Romney had been expected to win the test, largely an exercise reflecting a candidate's organizational strengths, because he spent millions of dollars and months of effort on the event.

Romney scored 4,516 votes (31.5 percent) to outpace former governor Mike Huckabee of Arkansas, who had 2,587 votes (18.1 percent). Senator Sam Brownback of Kansas was third with 2,192 votes (15.3 percent).

Thompson finished in sixth place with 1,039 votes. Former senator Fred Thompson of Tennessee, who is not an officially declared candidate, got 203 votes. Giuliani received 183 votes and McCain got 101.

Tommy Thompson had four terms as governor before serving as President Bush's secretary of Health and Human Services from 2001 to 2004. He was first elected in 1966 to the Wisconsin State Assembly.

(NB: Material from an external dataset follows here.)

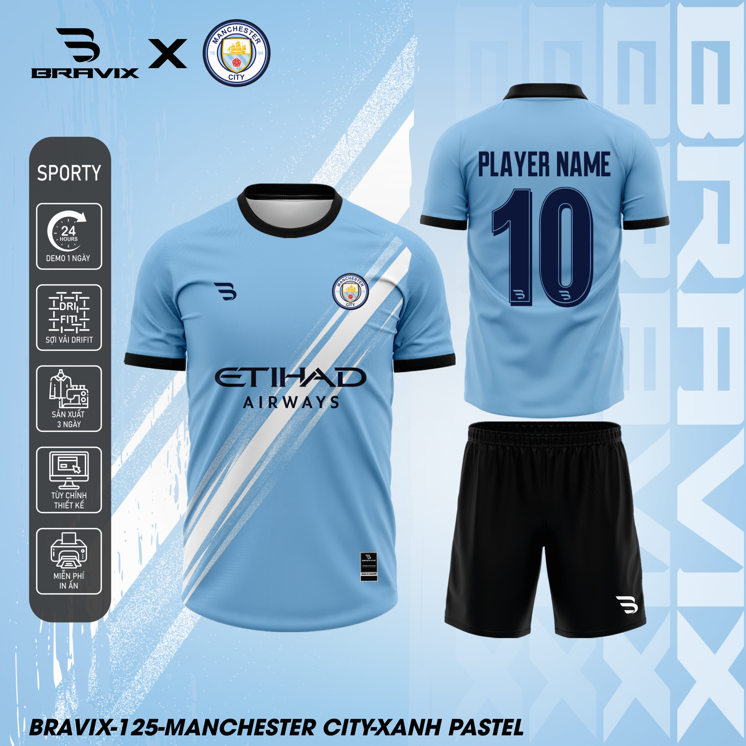 Tỏa sáng với tinh thần vô địch của “The Citizens” Manchester City với bộ quần áo bóng đá thiết kế BRAVIX – nơi hội tụ phong cách Ngoại Hạng Anh đẳng cấp và công nghệ vải hiện đại.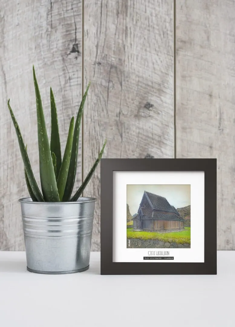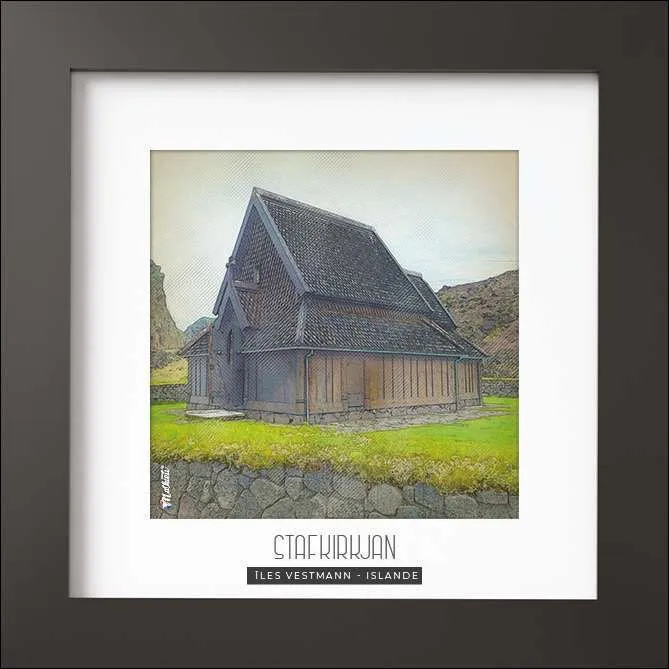 Magnifique photo de La Chapelle de Stafkirjan (Îles Vestmann – Islande) sublimée dans un cadre en bois noir mat de forme carré pour votre intérieur.

While Romney won the straw poll handily, Huckabee made the case for why his second-place finish may be the most important story coming out of the poll. Huckabee said his showing was impressive because he had little money to spend. His campaign dedicated less than $100,000 to the contest.

"It wasn't just that we surprised people with a second showing, it's that we did it with so few resources," Huckabee said. "This really was feeding the 5,000 with two fish and five loaves."

Brownback and Huckabee had waged a fierce competition for the loyalty of influential social and religious conservatives.

Eight years ago, about 23,600 people voted in the straw poll. On Saturday, only about 14,000 participated. Romney attributed the lower turnout to heat and the expectation that he would be a runaway victor.

"I got a higher percentage even than the president got eight years ago," Romney said. "It was a warm day and, actually, it was difficult turning people out."